(Stored data)
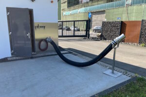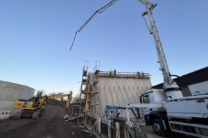 Ein besonderer Moment in der Bauphase war die erste Abholung von entwässertem Klärschlamm durch einen großen Sattelzug. Nach einem kurzen Moment des Bangens haben wir beruhigt und mit wohlwollender Zufriedenheit seitens des AG festgestellt, dass auf unsere Planung und Bauleitung Verlass ist und der große LKW die Einfahrt perfekt passieren kann.
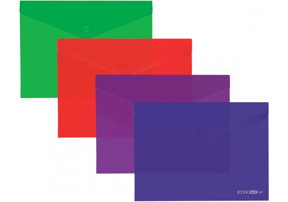 Папка-конверт формата А4 с глянцевой фактурой, изготовлена из полипропилена плотностью 120 мкм. Закрывается на удобную кнопку, что обеспечивает надёжное сохранение документов и защищает их от загрязнений и повреждений. Идеально подходит для офисного использования, учёбы или домашнего архива.
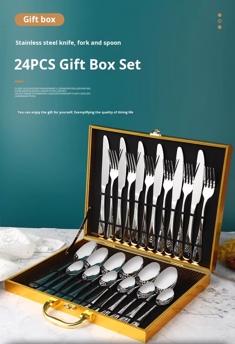 A 24-piece cutlery set, suitable for weddings, festive banquets, Christmas parties, and gift-giving.
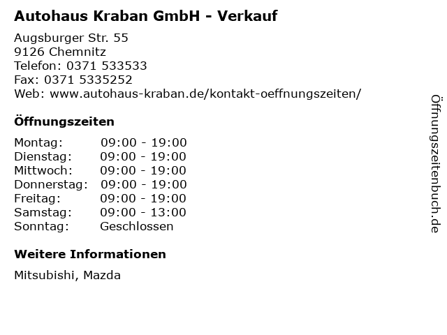 2 Autohaus Kraban GmbH Mazda Servicepartner / Mitsubishi Vertragshändler (Entfernung: 0,00 km) Augsburger Str. 55, 09126 Chemnitz 6 Auto Hänel GbR - Werkstatt und Ersatzteilverkauf (Entfernung: 32,20 km) Annaberger Str. 92, 08352 Raschau |
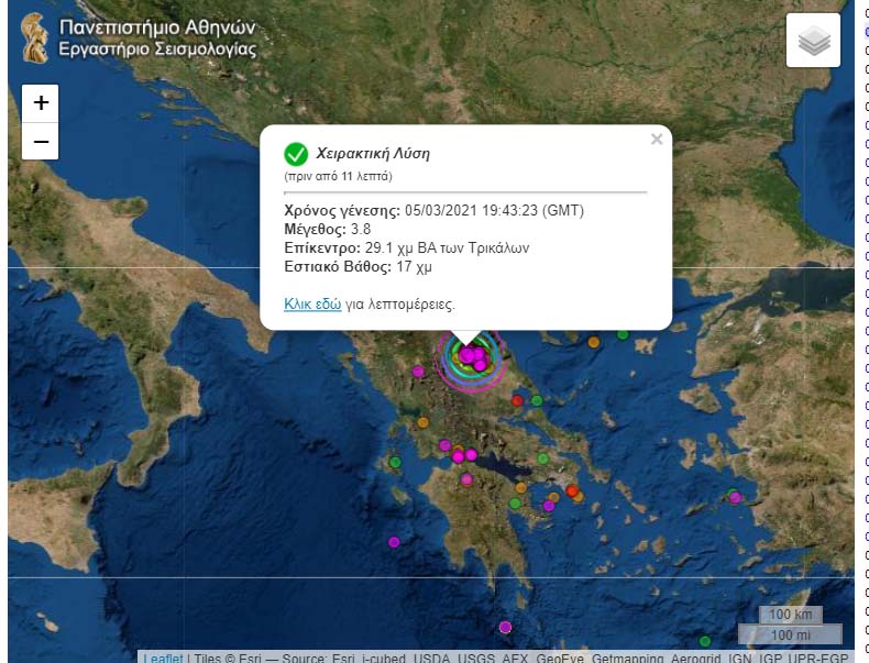 Ιδιαίτερα αισθητός έγινε στην πόλη των Τρικάλων και τη γύρω περιοχή ο ισχυρός μετασεισμός που σημειώθηκε στις 21.43 το βράδυ της Παρασκευής.
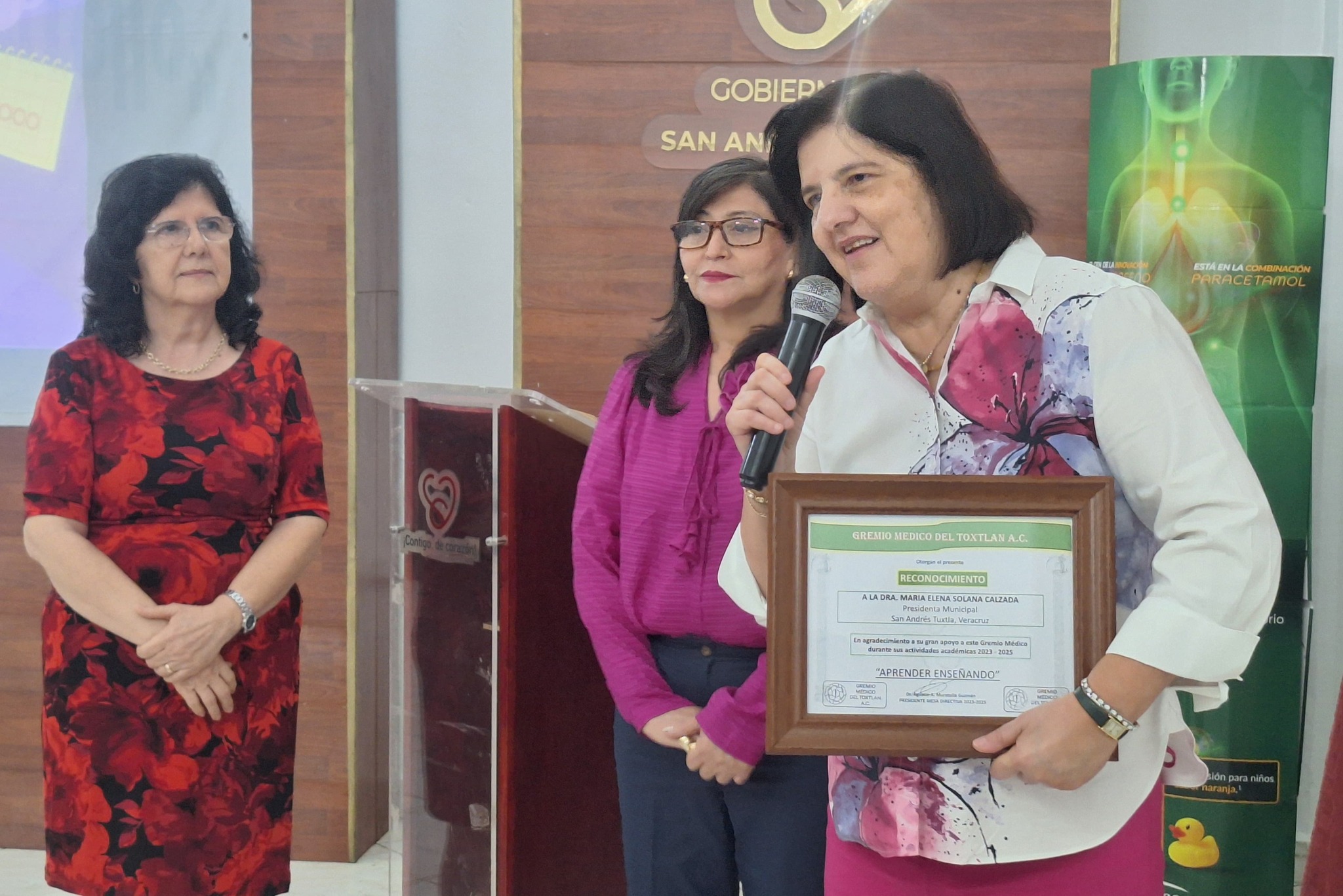 San Andrรฉs Tuxtla, Ver.- La noche de este jueves 31 de julio, en la sala de cabildos del Palacio Municipal de San Andrรฉs Tuxtla, en el marco de la renovaciรณn de su mesa directiva, integrantes de la Sociedad Mรฉdica de la regiรณn de Los Tuxtlas, entregaron a la Presidenta Municipal, la doctora Marรญa Elena Solana Calzada, un significativo reconocimiento por el respaldo a las actividades de su asociaciรณn, asรญ como a las acciones para dar cumplimiento a la agenda de salud municipal.

__Required action__
From the first line to the last, copy the records above exactly and leave out the pictures.

__Finished task__
 Ein besonderer Moment in der Bauphase war die erste Abholung von entwässertem Klärschlamm durch einen großen Sattelzug. Nach einem kurzen Moment des Bangens haben wir beruhigt und mit wohlwollender Zufriedenheit seitens des AG festgestellt, dass auf unsere Planung und Bauleitung Verlass ist und der große LKW die Einfahrt perfekt passieren kann.
 Папка-конверт формата А4 с глянцевой фактурой, изготовлена из полипропилена плотностью 120 мкм. Закрывается на удобную кнопку, что обеспечивает надёжное сохранение документов и защищает их от загрязнений и повреждений. Идеально подходит для офисного использования, учёбы или домашнего архива.
 A 24-piece cutlery set, suitable for weddings, festive banquets, Christmas parties, and gift-giving.
 2 Autohaus Kraban GmbH Mazda Servicepartner / Mitsubishi Vertragshändler (Entfernung: 0,00 km) Augsburger Str. 55, 09126 Chemnitz 6 Auto Hänel GbR - Werkstatt und Ersatzteilverkauf (Entfernung: 32,20 km) Annaberger Str. 92, 08352 Raschau |
 Ιδιαίτερα αισθητός έγινε στην πόλη των Τρικάλων και τη γύρω περιοχή ο ισχυρός μετασεισμός που σημειώθηκε στις 21.43 το βράδυ της Παρασκευής.
 San Andrรฉs Tuxtla, Ver.- La noche de este jueves 31 de julio, en la sala de cabildos del Palacio Municipal de San Andrรฉs Tuxtla, en el marco de la renovaciรณn de su mesa directiva, integrantes de la Sociedad Mรฉdica de la regiรณn de Los Tuxtlas, entregaron a la Presidenta Municipal, la doctora Marรญa Elena Solana Calzada, un significativo reconocimiento por el respaldo a las actividades de su asociaciรณn, asรญ como a las acciones para dar cumplimiento a la agenda de salud municipal.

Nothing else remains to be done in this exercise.